Anyone have experience with them? I know they are individuals who work within the network under the Company name and each trainer could be different just wondering what everyones experience is or if anyone has experience for that matter. I like the idea of having an in home trainer that is going to work with the environment and triggers here within our home / area. But I have not heard anything about them. (they are one of 3 trainers I am interviewing this weekend)


Dog Training | Dog Obedience & Aggressive Behavior Training | Puppy Trainers


----------



## onyx'girl (May 18, 2007)

I've not heard many good reviews....though each individual trainer should be taken into consideration. I don't like the throw chain method(not sure they still use that!) One lady I know had two little yorkies and was not happy with BB's. 

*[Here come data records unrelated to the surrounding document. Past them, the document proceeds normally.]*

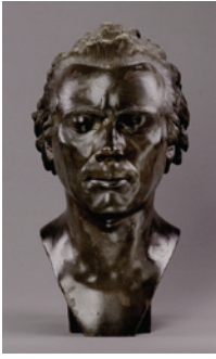
5. Franz Xaver Messerschmidt German, 1736–1783 Quiet Peaceful Sleep , after 1770 Lead-tin cast Object: H: 42.9 x W: 24.1 x D: 26 cm (16 7/8 x 9 1/2 x 10 1/4 in.) Courtesy of the Museum of Fine Arts, Budapest EX.2012.4.3
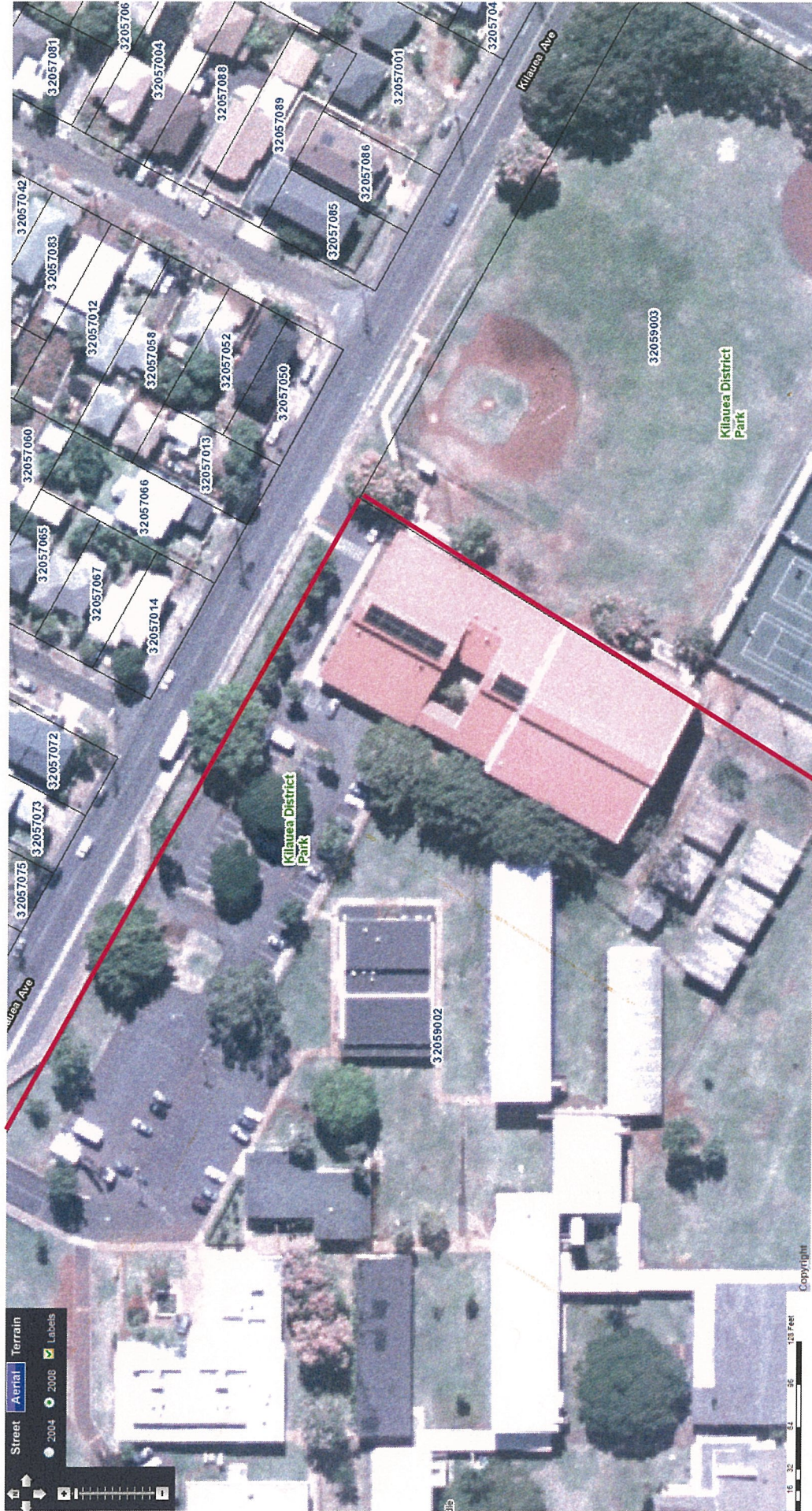
SB 2237, SD1 Relating to Public Schools (59) TMK 3-2-059-002 (Kaimuki Intermediate School) IMPACT: Loss of Kilauea Gymnasium, located next to Kilauea District Park
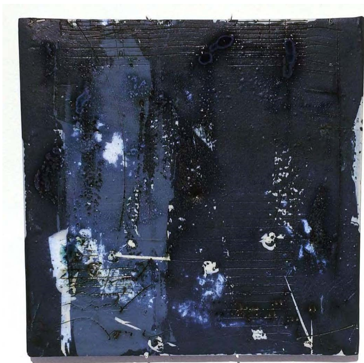
Figure 8. Blue Cosmos (2017), porcelain tile, by Arild Berg.
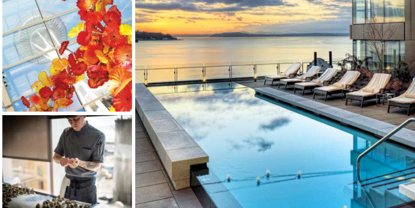
Opposite page: Four Seasons Hotel Seattle Above clockwise from top left: View of the Space Needle from Chihuly Garden and Glass; Pool at Four Seasons Hotel Seattle; Goldfinch Tavern

Seattle's blend of urban sophistication and natural beauty makes the Emerald City the perfect spot to begin your journey.
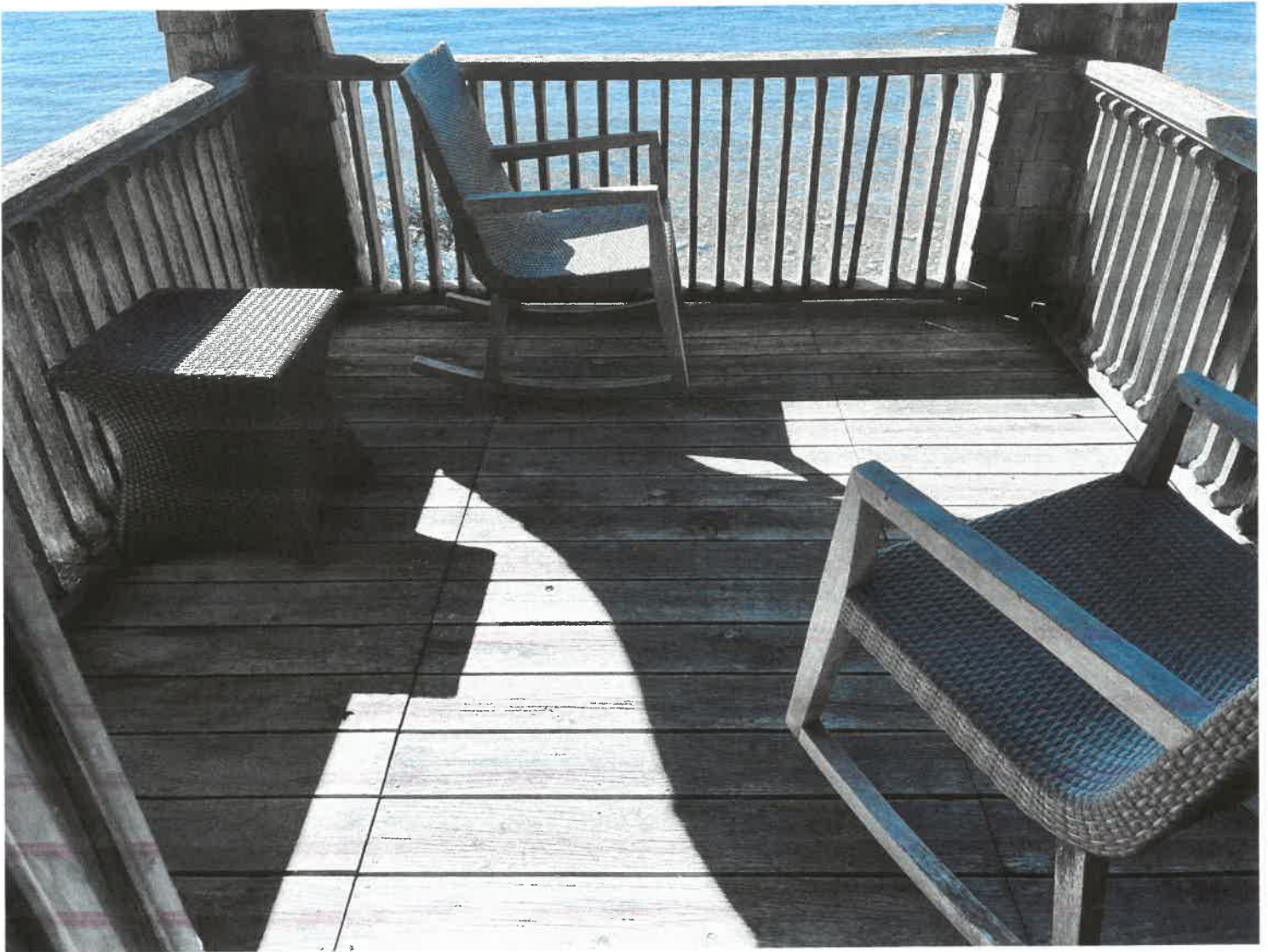
second story deck off West bedroom.

I wouldn't spend my $ on this program....rather go with individual trainer thru personal recommendations, not a franchise.


----------



## Diesel and Lace (Apr 15, 2013)

I have seen bad reviews online about them and some good positive reviews on FB about them. I agree every trainer is different but I am interviewing and their high pressure sales tactics I have read about will get them a one way ticket out my front door. If the solutions they offer are spraying my dog with water or throwing objects at them you can bet your paycheck that I will not only give them a piece of my mind, I will not-so-kindly remove them from my home. The trainer that I have choose (there were 3 in my area) is the only one that is also a behaviorist so we shall see what this behaviorist has to offer me in behavior modification. I don't want to go into anything with a negative opinion so I will keep my mind open to what they have to offer but they will not be leaving here with a contract as they are 1st in line and I want others opinions. These are my kids and like any good parent I will get a second and third opinion to make the decision on what is best for my pet. Thanks for your response!


----------